# ACTION ITEM
Would you reproduce the data below exactly, please, leaving out its images?

# COLLECTED MATERIAL
######
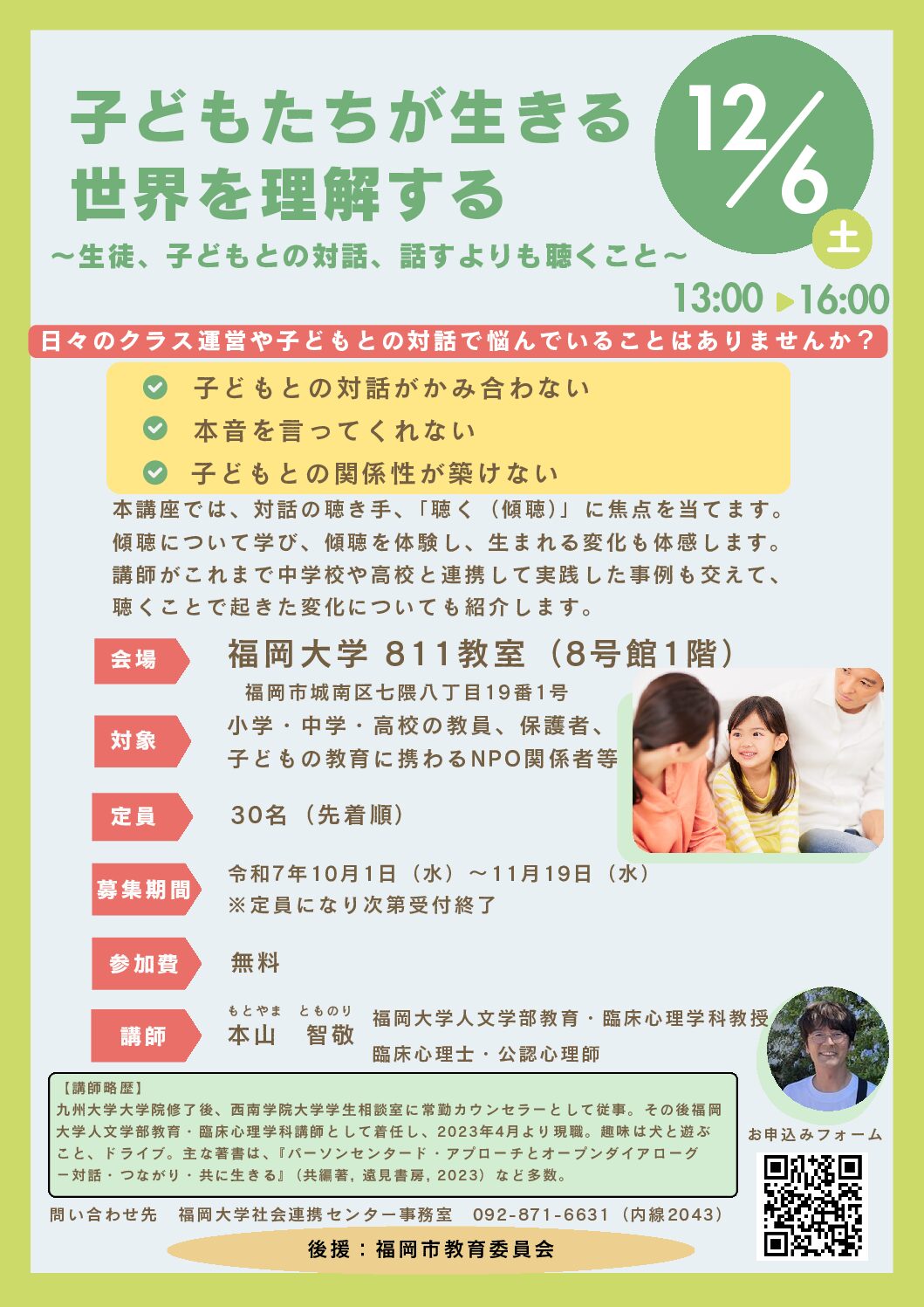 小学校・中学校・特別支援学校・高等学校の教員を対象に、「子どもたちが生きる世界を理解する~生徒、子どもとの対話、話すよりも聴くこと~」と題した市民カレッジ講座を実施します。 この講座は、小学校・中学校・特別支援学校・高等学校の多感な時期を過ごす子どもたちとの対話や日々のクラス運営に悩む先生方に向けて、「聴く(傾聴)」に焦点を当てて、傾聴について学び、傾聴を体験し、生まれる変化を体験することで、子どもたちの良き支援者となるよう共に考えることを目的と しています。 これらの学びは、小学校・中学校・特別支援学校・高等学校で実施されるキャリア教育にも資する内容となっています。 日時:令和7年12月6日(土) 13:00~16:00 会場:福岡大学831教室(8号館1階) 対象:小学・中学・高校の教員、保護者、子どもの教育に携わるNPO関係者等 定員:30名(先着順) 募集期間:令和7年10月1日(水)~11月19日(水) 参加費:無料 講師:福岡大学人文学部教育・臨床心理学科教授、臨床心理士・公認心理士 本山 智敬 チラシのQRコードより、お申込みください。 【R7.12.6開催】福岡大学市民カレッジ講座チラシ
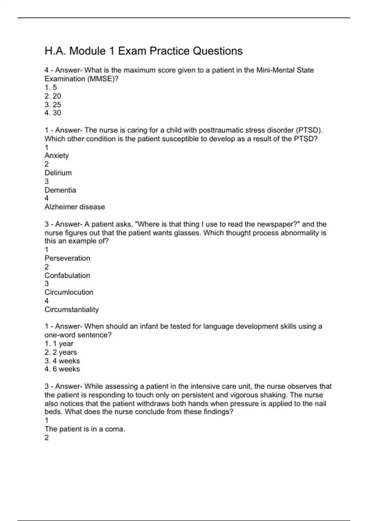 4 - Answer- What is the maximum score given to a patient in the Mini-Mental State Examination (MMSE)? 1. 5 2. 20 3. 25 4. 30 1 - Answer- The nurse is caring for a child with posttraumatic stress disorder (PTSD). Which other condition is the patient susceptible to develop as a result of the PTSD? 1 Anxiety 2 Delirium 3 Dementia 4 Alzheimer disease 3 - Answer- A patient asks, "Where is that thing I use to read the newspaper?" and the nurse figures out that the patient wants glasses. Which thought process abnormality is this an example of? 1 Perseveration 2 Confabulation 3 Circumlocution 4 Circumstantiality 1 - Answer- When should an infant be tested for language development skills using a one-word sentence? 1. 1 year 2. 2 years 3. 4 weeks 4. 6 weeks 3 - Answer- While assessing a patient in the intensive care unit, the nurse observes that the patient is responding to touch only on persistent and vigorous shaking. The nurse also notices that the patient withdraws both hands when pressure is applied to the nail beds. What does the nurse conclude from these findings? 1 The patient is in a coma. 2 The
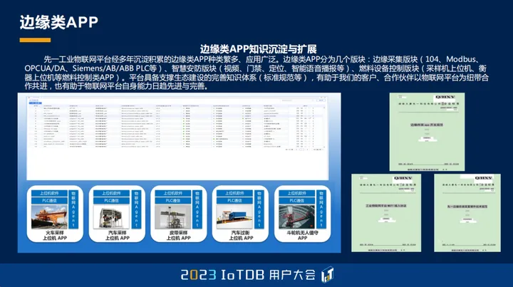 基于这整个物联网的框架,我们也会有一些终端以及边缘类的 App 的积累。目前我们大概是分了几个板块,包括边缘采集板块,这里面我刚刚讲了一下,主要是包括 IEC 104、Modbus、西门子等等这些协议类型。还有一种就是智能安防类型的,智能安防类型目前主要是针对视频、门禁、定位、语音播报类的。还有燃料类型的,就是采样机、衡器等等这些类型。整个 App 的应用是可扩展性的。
######
# RESULT OF THIS TASK
 小学校・中学校・特別支援学校・高等学校の教員を対象に、「子どもたちが生きる世界を理解する~生徒、子どもとの対話、話すよりも聴くこと~」と題した市民カレッジ講座を実施します。 この講座は、小学校・中学校・特別支援学校・高等学校の多感な時期を過ごす子どもたちとの対話や日々のクラス運営に悩む先生方に向けて、「聴く(傾聴)」に焦点を当てて、傾聴について学び、傾聴を体験し、生まれる変化を体験することで、子どもたちの良き支援者となるよう共に考えることを目的と しています。 これらの学びは、小学校・中学校・特別支援学校・高等学校で実施されるキャリア教育にも資する内容となっています。 日時:令和7年12月6日(土) 13:00~16:00 会場:福岡大学831教室(8号館1階) 対象:小学・中学・高校の教員、保護者、子どもの教育に携わるNPO関係者等 定員:30名(先着順) 募集期間:令和7年10月1日(水)~11月19日(水) 参加費:無料 講師:福岡大学人文学部教育・臨床心理学科教授、臨床心理士・公認心理士 本山 智敬 チラシのQRコードより、お申込みください。 【R7.12.6開催】福岡大学市民カレッジ講座チラシ
 4 - Answer- What is the maximum score given to a patient in the Mini-Mental State Examination (MMSE)? 1. 5 2. 20 3. 25 4. 30 1 - Answer- The nurse is caring for a child with posttraumatic stress disorder (PTSD). Which other condition is the patient susceptible to develop as a result of the PTSD? 1 Anxiety 2 Delirium 3 Dementia 4 Alzheimer disease 3 - Answer- A patient asks, "Where is that thing I use to read the newspaper?" and the nurse figures out that the patient wants glasses. Which thought process abnormality is this an example of? 1 Perseveration 2 Confabulation 3 Circumlocution 4 Circumstantiality 1 - Answer- When should an infant be tested for language development skills using a one-word sentence? 1. 1 year 2. 2 years 3. 4 weeks 4. 6 weeks 3 - Answer- While assessing a patient in the intensive care unit, the nurse observes that the patient is responding to touch only on persistent and vigorous shaking. The nurse also notices that the patient withdraws both hands when pressure is applied to the nail beds. What does the nurse conclude from these findings? 1 The patient is in a coma. 2 The
 基于这整个物联网的框架,我们也会有一些终端以及边缘类的 App 的积累。目前我们大概是分了几个板块,包括边缘采集板块,这里面我刚刚讲了一下,主要是包括 IEC 104、Modbus、西门子等等这些协议类型。还有一种就是智能安防类型的,智能安防类型目前主要是针对视频、门禁、定位、语音播报类的。还有燃料类型的,就是采样机、衡器等等这些类型。整个 App 的应用是可扩展性的。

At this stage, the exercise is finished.